Illustration represents makers having a great experience. By Fireart studio for the Reach UX Welcome Kit.

The Making of Maker Experience

When teams feel great, they make great products. So we built a team dedicated to the experience of making.

Miles Orkin
Sep 21, 2020 · 9 min read

At Google, we want our products to exceed expectations, attain our goals, and improve the lives of our global users. To make that happen, the teams that make them have to be exceptionally well-prepared and well-connected.

In other words, if we want to make great experiences in our products, we have to feel great about the experience of making.

That’s kind of a cool slogan, right? But what exactly does it mean, and why is it so important? I’ve been at Google for almost six years, and I’ve spent a lot of time unpacking and exploring the experience of making. Finally, earlier this year, I was able to crystallize the idea and form a team around it: The Maker-X Team (aka Maker Experience Team) in Reach UX (the product design org for Google Ads and Commerce).

Here are some highlights from the journey so far — the paradox my team and I uncovered, examples of work we’re doing to address it, and some key takeaways that might help others make progress in this direction.

Passionate People, Persistent Challenge

When I began at Google, leading UX program management in Search, Maps, and Identity, I was attracted to the company’s lofty goals at massive scale: Organize the world’s information and make it universally accessible and useful. That’s huge!

Soon I learned about this notion of ‘Googleyness’ that was (and still is) a big deal at Google. It’s the idea that if you work here, you should care not just about what you do, but also about how you do it. In other words, people pursued those lofty goals that so appealed to me while staying grounded in core values of helpfulness, trust, execution, and sustainability. I was stoked!

My energy and enthusiasm have stayed incredibly high over the years because we’re a culture of makers. And solvers. And dreamers.

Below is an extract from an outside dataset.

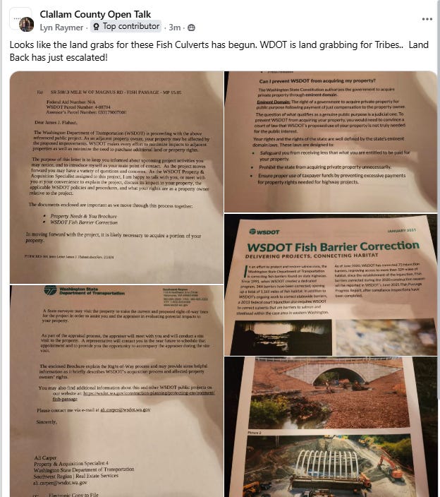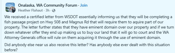 A post circulating in Onalaska, Washington has residents raising alarms after WSDOT indicated it may acquire private land for fish passage projects.

We’re passionate and persistent in our belief that no challenge is too big, no problem is too complex, and no person should be excluded. That makes Google a really exciting place to work.

But I’ve also had to wrestle with a persistent challenge: The tension between loving what you make and loving how it feels to make it. For people who work in product development, does the quality of the journey matter at all, or is it all only about the destination?

All illustrations by Fireart Studio for the Reach UX Welcome Kit.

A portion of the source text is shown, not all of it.